Dynamical modeling and analysis of large cellular regulatory networks | Chaos | Complexity - Complex Systems Theory | Scoop.it

The dynamical analysis of large biological regulatory networks requires the development of scalable methods for mathematical modeling. Following the approach initially introduced by Thomas, we formalize the interactions between the components of a network in terms of discrete variables, functions, and parameters. Model simulations result in directed graphs, called state transition graphs. We are particularly interested in reachability properties and asymptotic behaviors, which correspond to terminal strongly connected components (or "attractors") in the state transition graph. A well-known problem is the exponential increase of the size of state transition graphs with the number of network components, in particular when using the biologically realistic asynchronous updating assumption.

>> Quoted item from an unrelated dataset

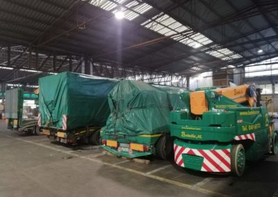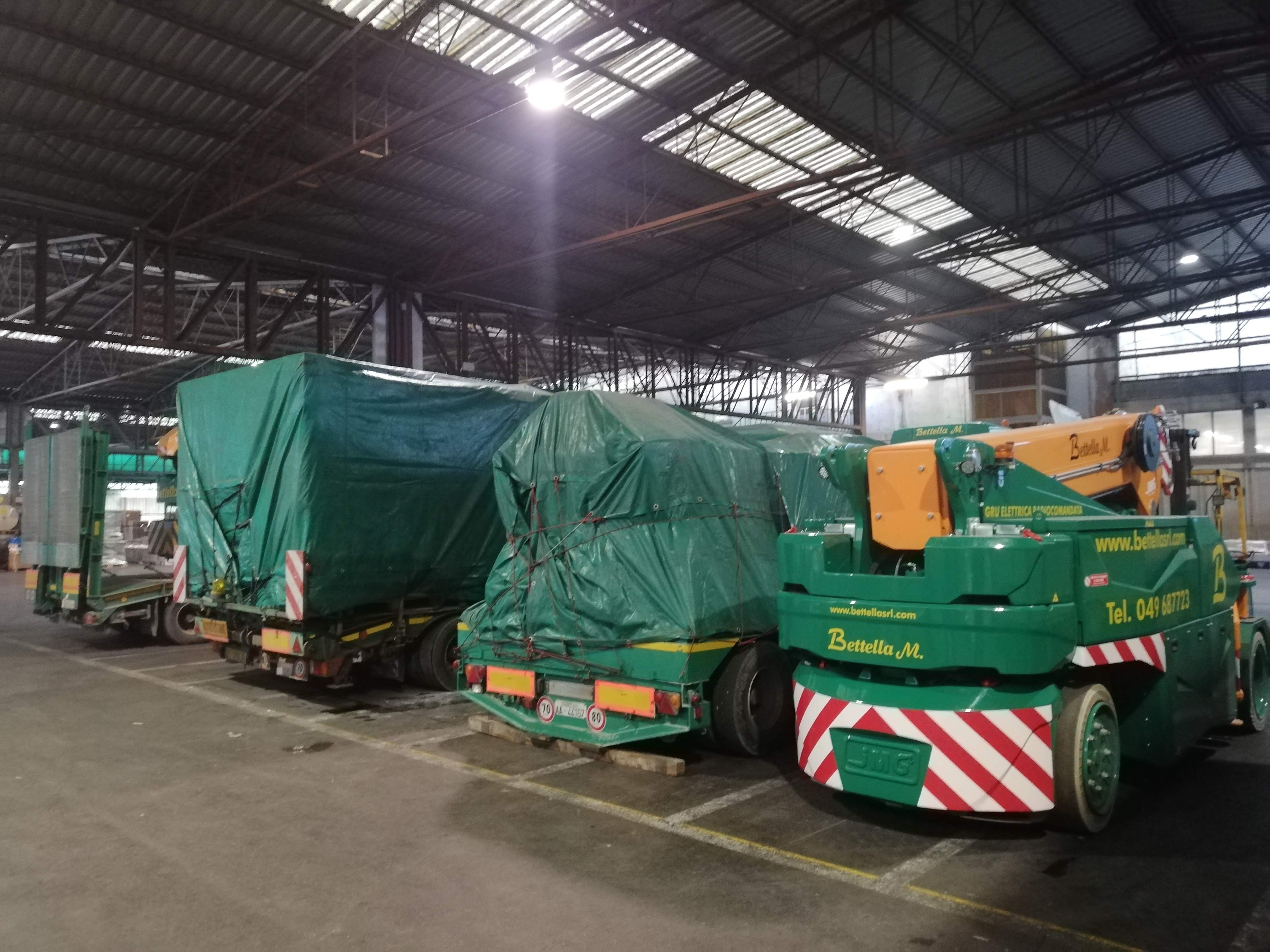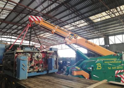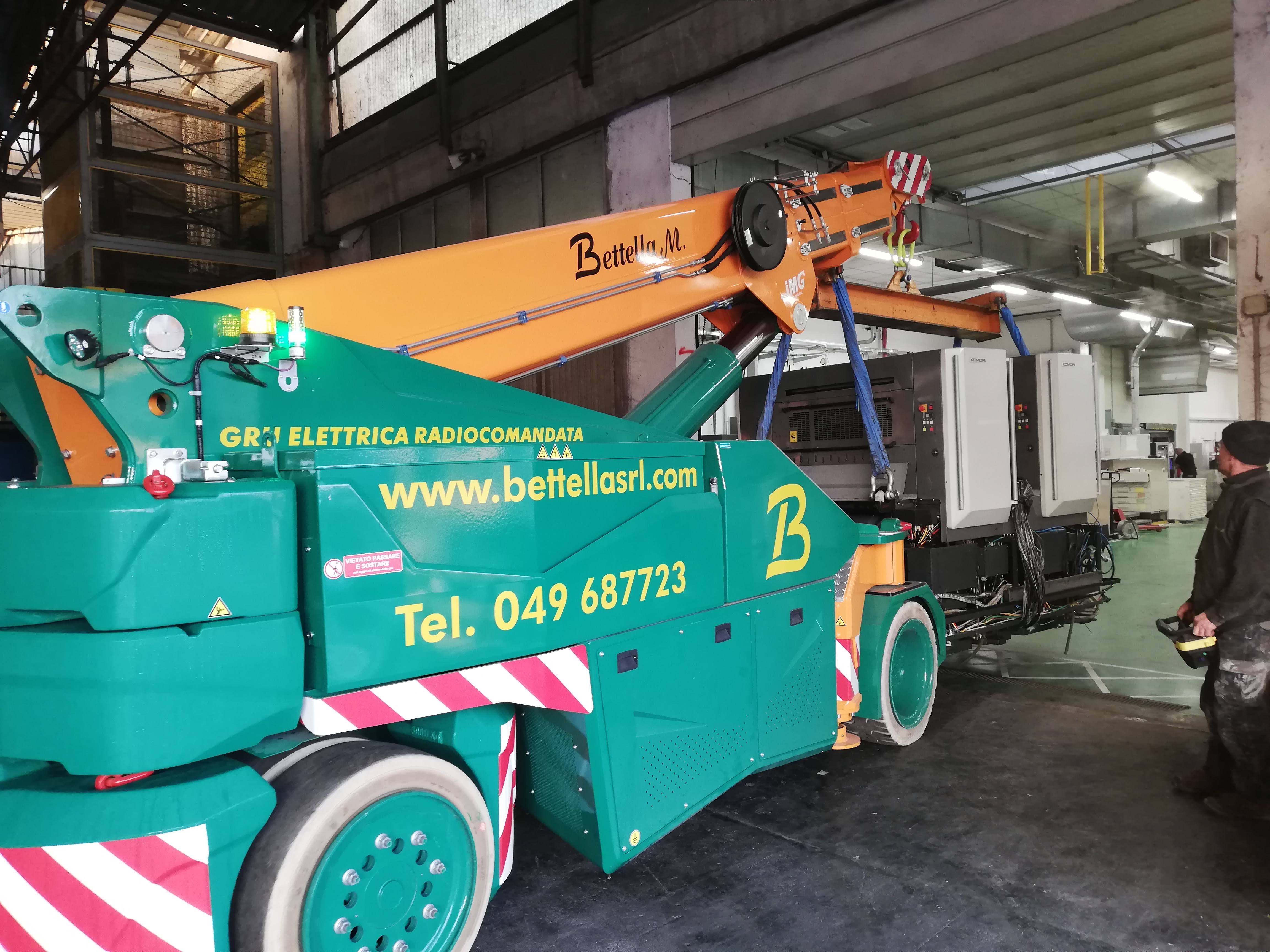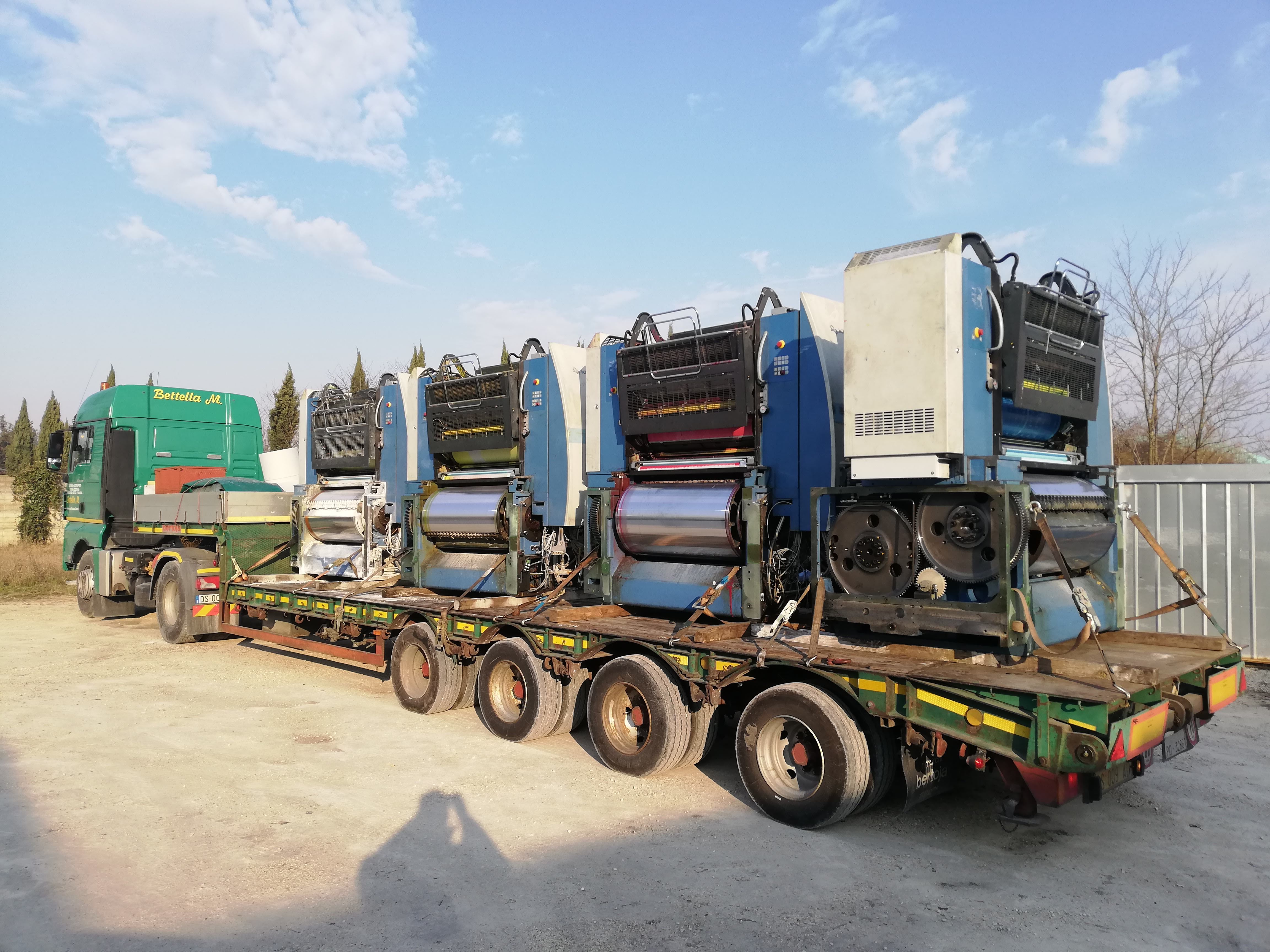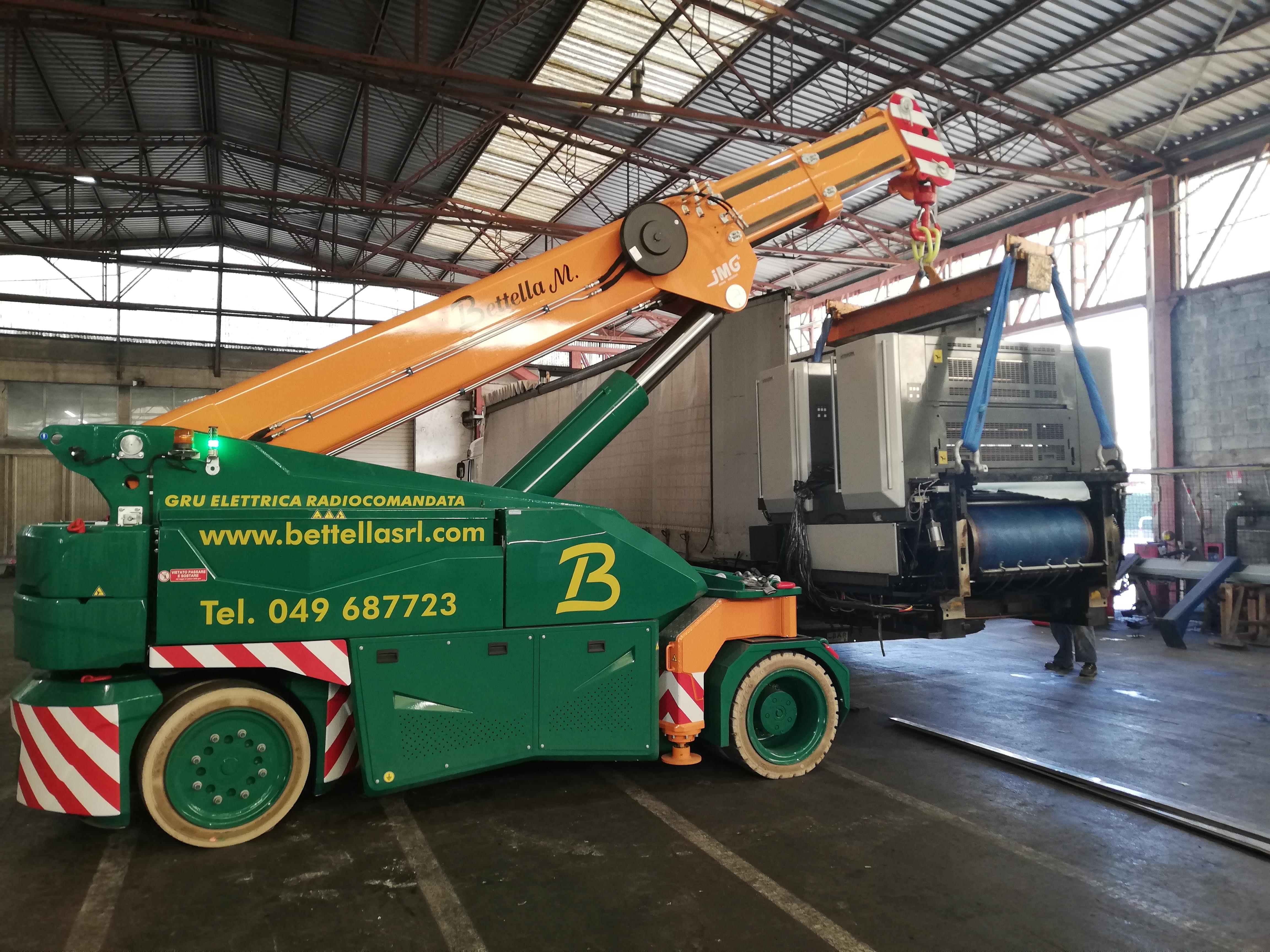 Ricollocazione macchinari industriali da stampa con l’impiego di gru elettrica JMG 300 e varie attrezzature elettriche oltre all’impiego di nostri mezzi per trasporto e sollevamento dei pezzi e bilici.
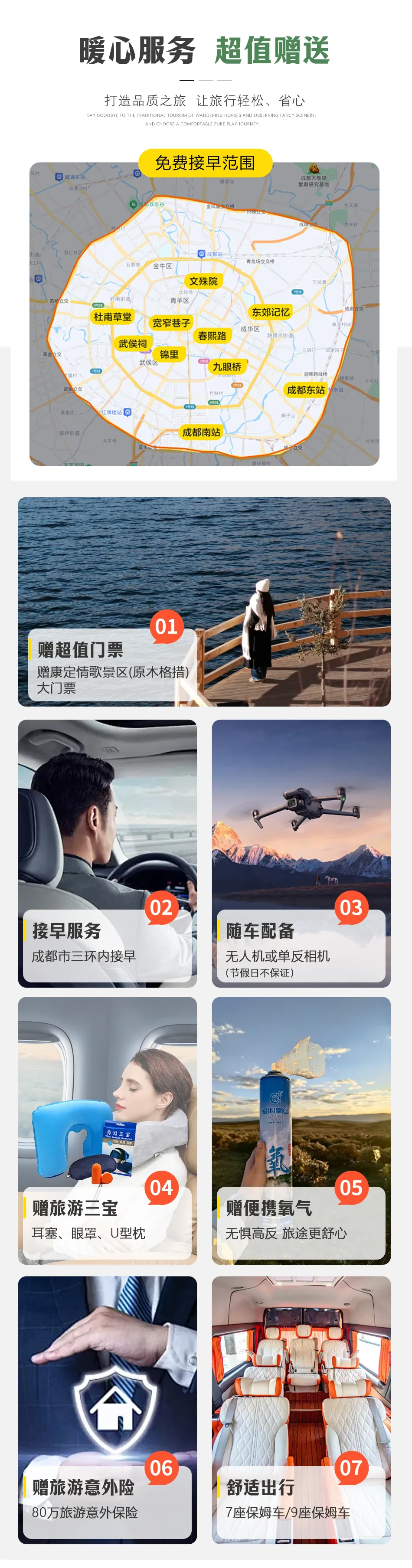 3、木格措景区门票为赠送项目,景区内观光车90元/人需自理,门票相关优免证件无退费,不进景区不退任何费用,请知悉。

To address this problem, we have developed several complementary methods enabling the analysis of the behavior of large and complex logical models: (i) the definition of transition priority classes to simplify the dynamics; (ii) a model reduction method preserving essential dynamical properties, (iii) a novel algorithm to compact state transition graphs and directly generate compressed representations, emphasizing relevant transient and asymptotic dynamical properties. The power of an approach combining these different methods is demonstrated by applying them to a recent multilevel logical model for the network controlling CD4+ T helper cell response to antigen presentation and to a dozen cytokines. This model accounts for the differentiation of canonical Th1 and Th2 lymphocytes, as well as of inflammatory Th17 and regulatory T cells, along with many hybrid subtypes. All these methods have been implemented into the software GINsim, which enables the definition, the analysis, and the simulation of logical regulatory graphs.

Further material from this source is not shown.